Data Engineering

Data engineering involves storage, consolidation, deployment, visualization, cleansing, scaling, and data division for training, validation, and testing. Data engineers build and maintain the infrastructure to collect, store, and distribute data.

Data Engineering: Part 1

  • Gathering data is the process of consolidating disparate data (Excel spreadsheet, CSV file, PDF report, database, cloud storage) into a single repository. For time series data, the tables are joined to match features and labels at particular time points.
  • Statistics provide a compact summary of the data such as number of data sets, mean, standard deviation, and quartile information. A statistical profile of the data shows how much data has been collected and the quality of that data.
  • Visualization is the graphical representation of data. Visualization is important to have a first look at the data to analyze data diversity, relationships, missing data, bad data, or other factors that may influence decisions to exclude or include an appropriate subset for training.
  • Data Cleansing is the process of removing bad data that may include outliers, missing entries, failed sensors, or other types of missing or corrupted information.

Data Engineering: Part 2

  • Feature Engineering is the process of selecting and creating the input descriptors for machine learning. Categorical data is converted to numeric values such as True=1 and False=0. Feature engineering creates indicators from images, words, numbers, or discrete categories. Features are ranked in order of significance. Unimportant features are identified and removed to improve training time, reduce storage cost, and minimize deployment resources.
  • Imbalanced Data is a problem for classification accuracy because the majority class is favored in the predictions. Oversampling the minority class or undersampling the majority class are two methods to restore balance.
  • Scaling data (inputs and outputs) to a range of 0 to 1 or -1 to 1 can improve the training process.
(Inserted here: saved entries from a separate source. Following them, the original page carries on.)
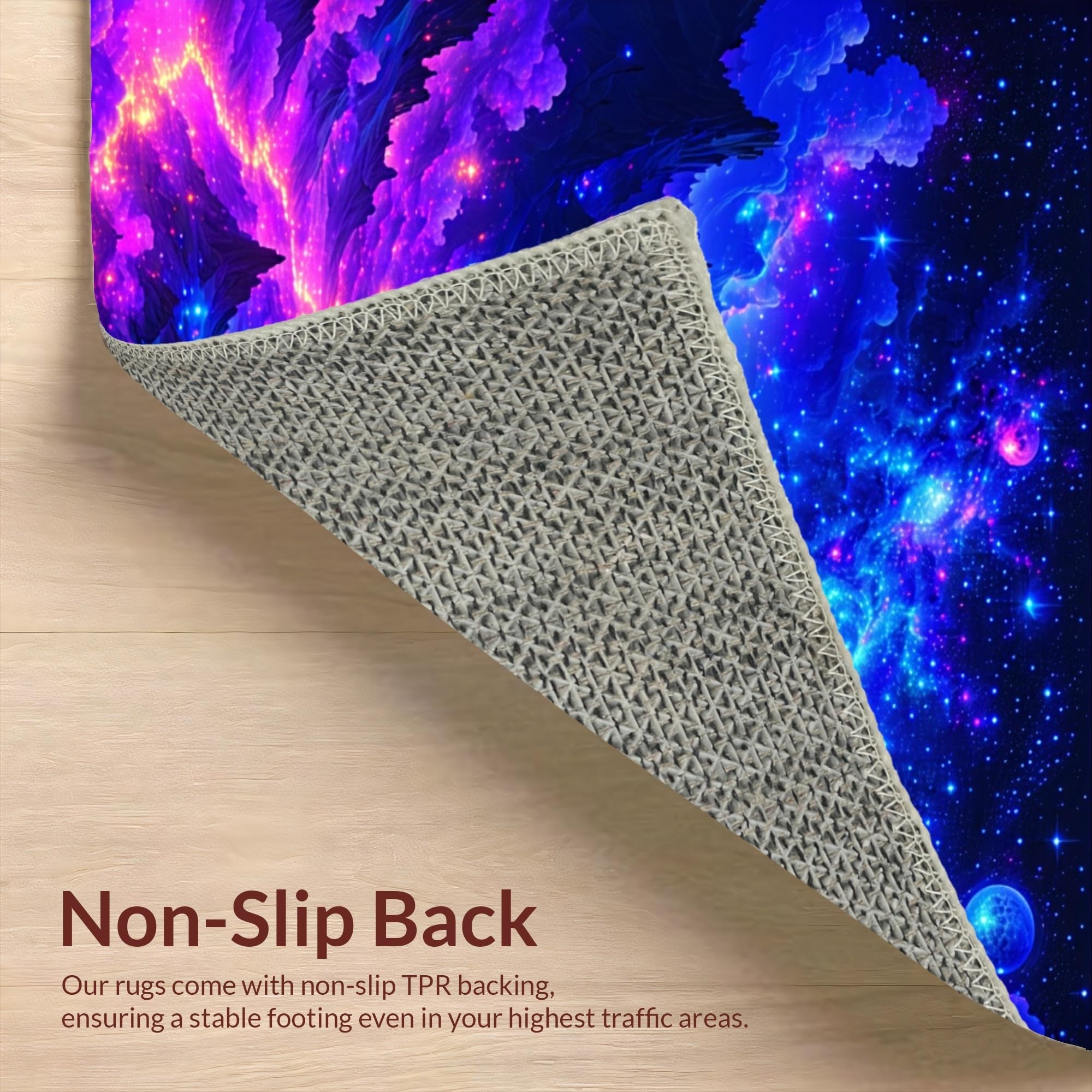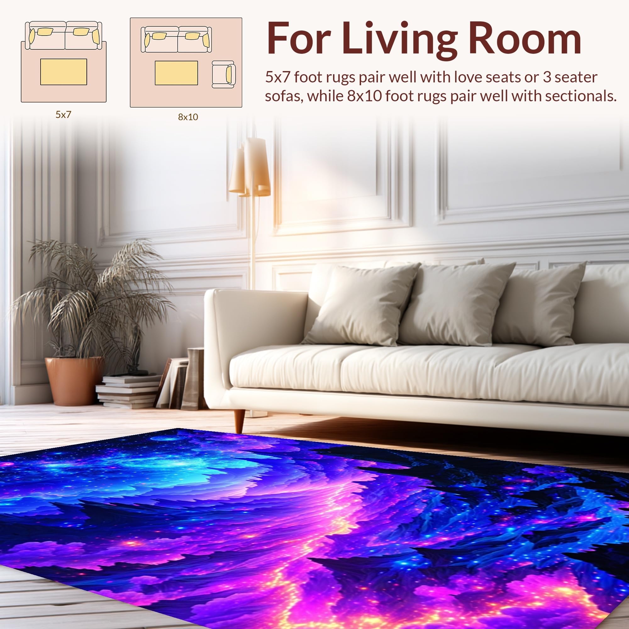 Ultra Soft Area Rug, Non Slip, Stain Resistant, Washable Area Rugs for Living Room, Bedroom, Dynamic Colorful Stellar Patterns(Purple) Overview: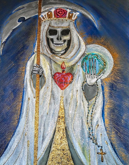 In the Latinx community, especially among migrants and border witches or liminal witches (brujas), La Santísima has been an icon that redefines issues of empowerment; She is a bridge that connects with the roots of Mexicanness and its imaginaries, with the power of the displaced and marginalized. There, on the other side of the Río Grande, far from the homeland, She has also arrived. The icon It has complexities and an implicit political discourse, «la flaca» is also associated with Mexican folk magic and apocryphal saints who do not need official recognition to help and «hacer un paro».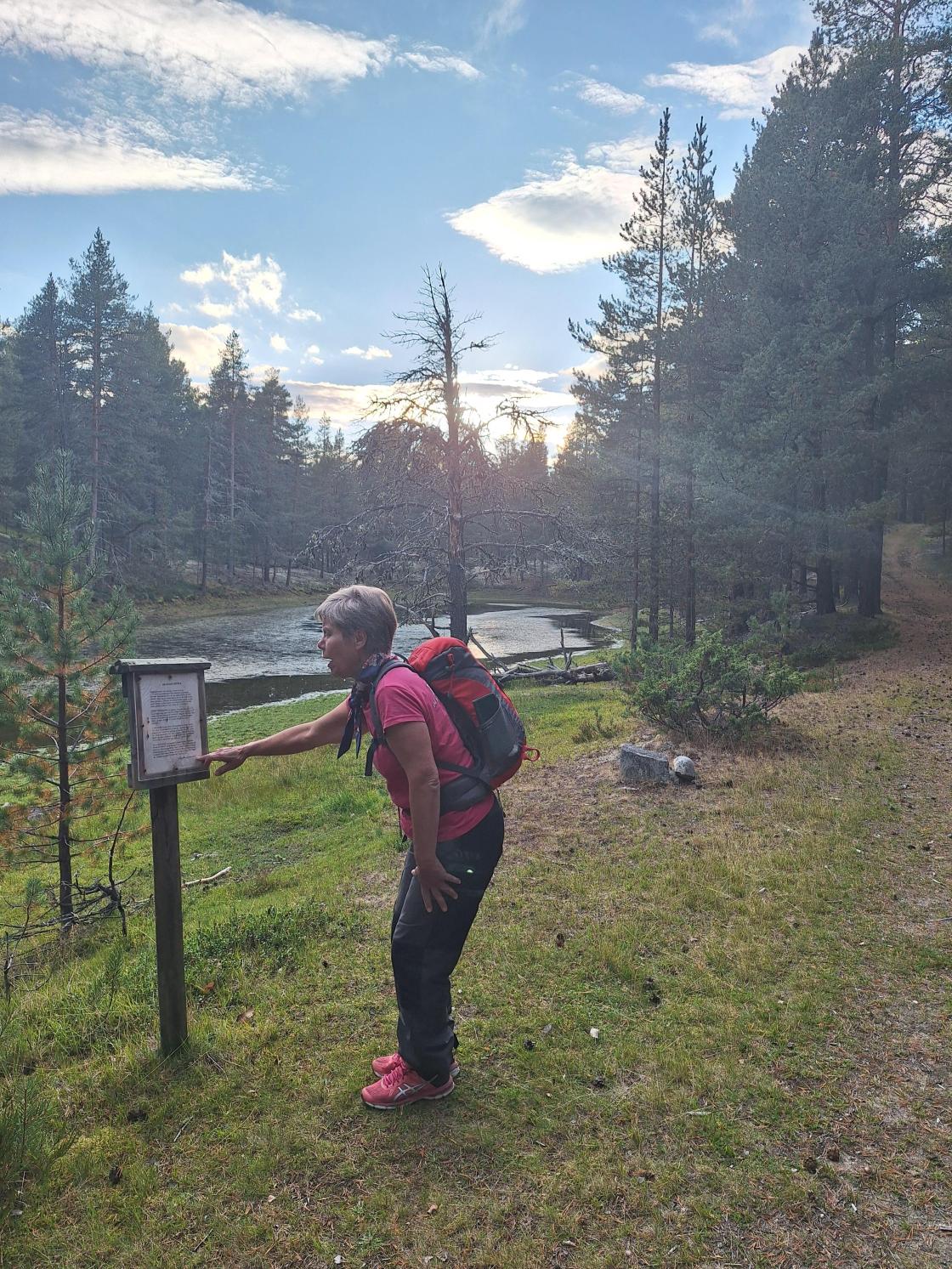 Vi var invitert til å ta med sitteplate, gode sko, kopp og godt humør. Og at det var ett lite stykke å gå. Vi gikk i fotsporene etter jernverket på Lesjaverk og en av koiene ved ei "mile". Flott høstvær og god guiding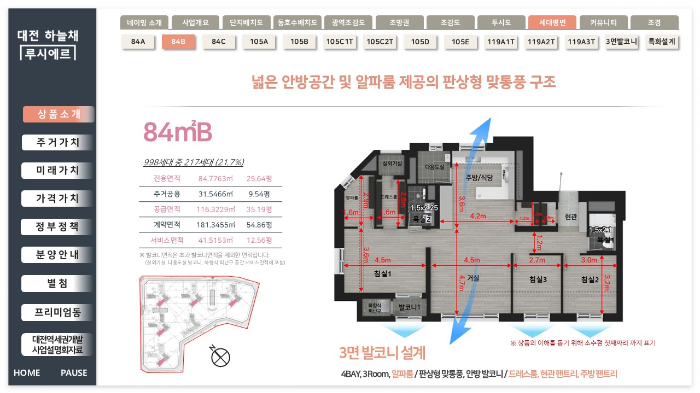 설계 부분을 들여다보면 대전 하늘채 루시에르 2차는 최신 주상복합 트렌드를 충실히 반영했습니다. 층고를 2.4m로 높여 답답함 없는 개방감을 제공하고, 3면 발코니 구조로 채광과 환기를 극대화했습니다. 층간소음을 줄이기 위한 완충재도 설치되며, 드레스룸과 팬트리 같은 수납공간도 타입별로 넉넉하게 배치했다고 하네요. 공용 시설로는 스카이라운지, 무비살롱, 퍼스널 스파 등 특화된 공간부터 피트니스센터, 사우나, GX룸, 골프연습장, 실내체육관, 게스트하우스까지 다채롭게 준비되어 있어 입주 후 생활의 질이 상당히 높아질 것 같습니다.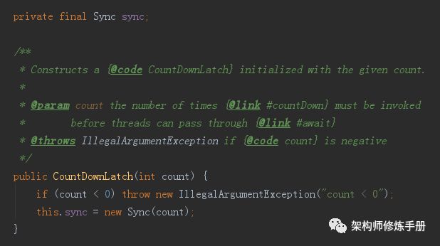 即,传入一个初始值count来确定有多少个任务(入参不得小于0,否则会抛出异常),该值存于AbstractQueuedSynchronizer类里(AQS,在《【并发编程】一文详解Java中的各种锁》中有介绍),声明为volatile,即对内存可见,保证多线程下该值同时只能被一个线程修改(关于volatile参考《【并发编程】揭开volatile的神秘面纱》),每当执行完一个任务,count减1,直到为0,所有任务执行完毕。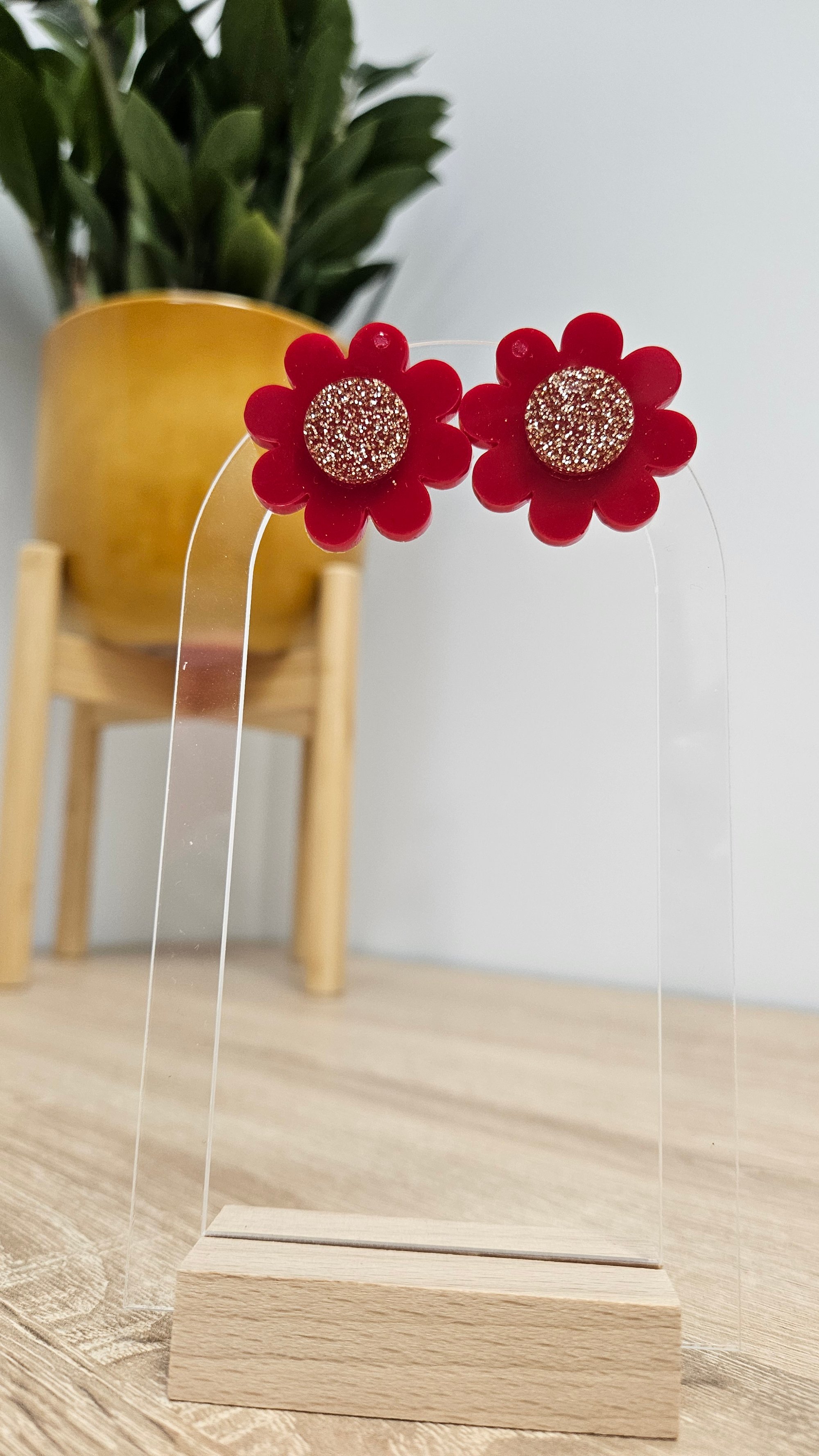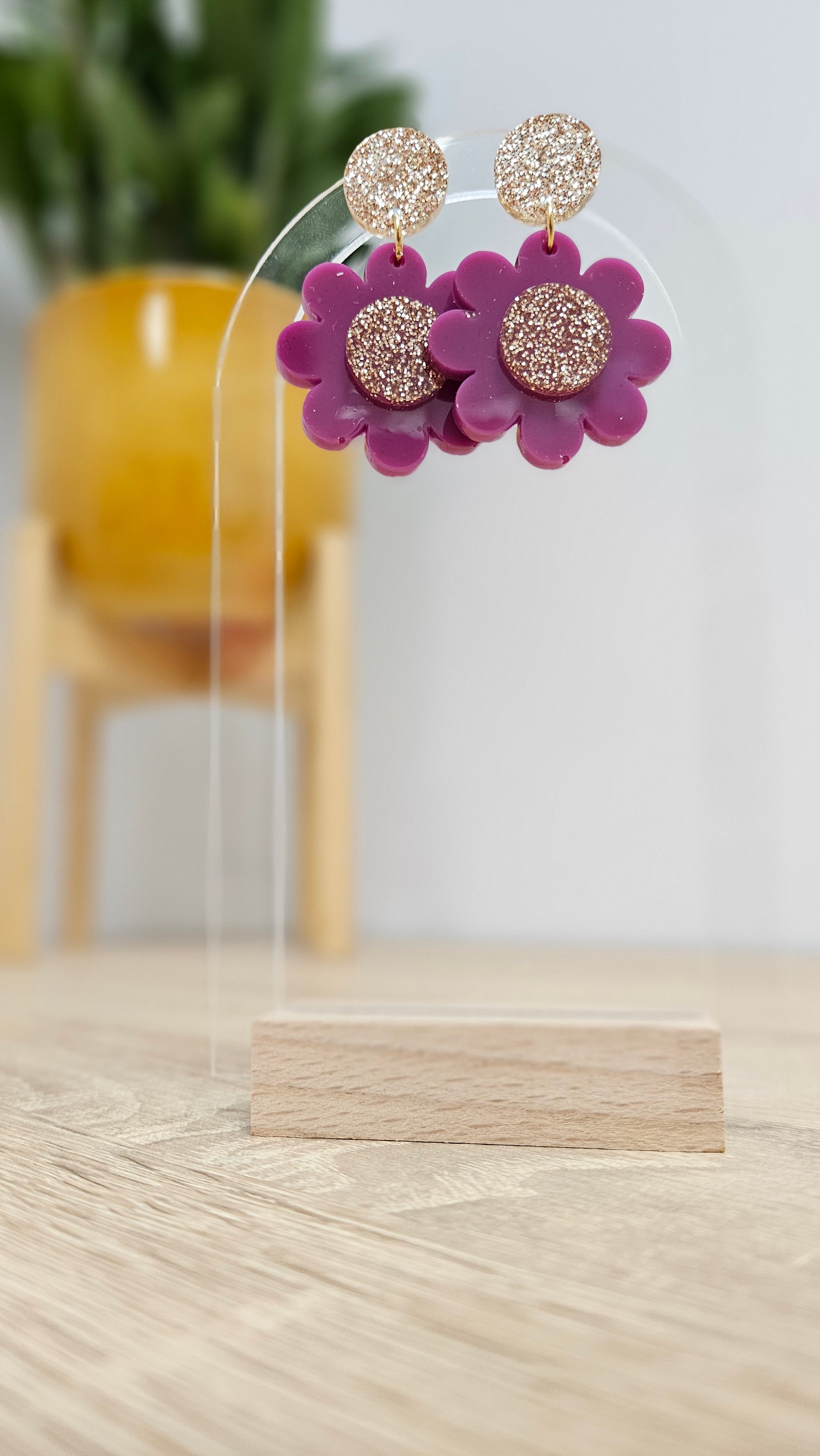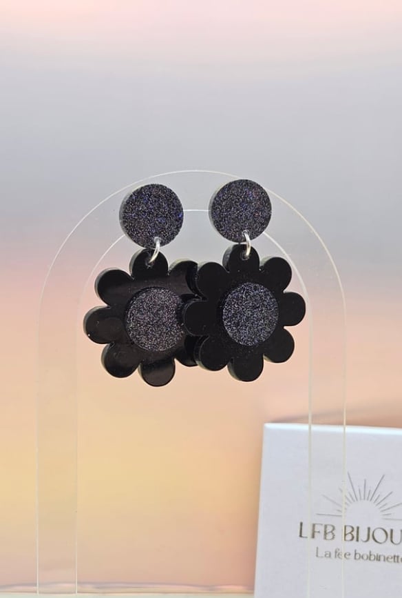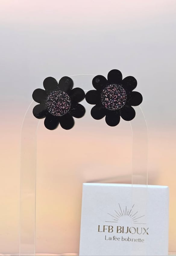 En résine Bio et paillettes végétales. Clou d'oreille en acier inoxydable.

There are different methods for scaling that are important based on the presence of outliers or statistical properties of the data that may suggest a larger total range so that most of the data is between 0 and 1 or -1 and 1.
  • Splitting data ensures that there are independent sets for training, testing, and validation. The test set is to evaluate the model fit independently of the training and to improve the hyper-parameters without overfitting on the training. The validation may come with a third split to evaluate the hyperparameter optimization. Cross-validation is an alternative approach to divide the training data into multiple sets that are fit separately and tested on the other set. The parameter consistency is compared between the multiple models. The inputs (features) and outputs (labels) are separated into separate data structures. A loss function such as the squared difference between the predicted label and the measured label is a typical loss (objective) function. A confusion matrix is a graphical representation of misclassification errors.

Data Engineering: Part 3

  • Deploying machine learning is the process of making the machine learning solution available to produce results for people or computers to access the service remotely. It involves managing data flow to the application for training or prediction. Data flow can be in batches or a continuous stream. The machine learning application may be deployed in many ways such as through an API (Application Programming Interface), a web-interface, an APP for mobile devices, or through a Jupyter Notebook or Python script. If the machine learned model is trained offline, the model is encapsulated and transferred to the hosting target. A scalable deployment means that the computing architecture can handle increased demand such as through a cloud computing host with on-demand scale-up.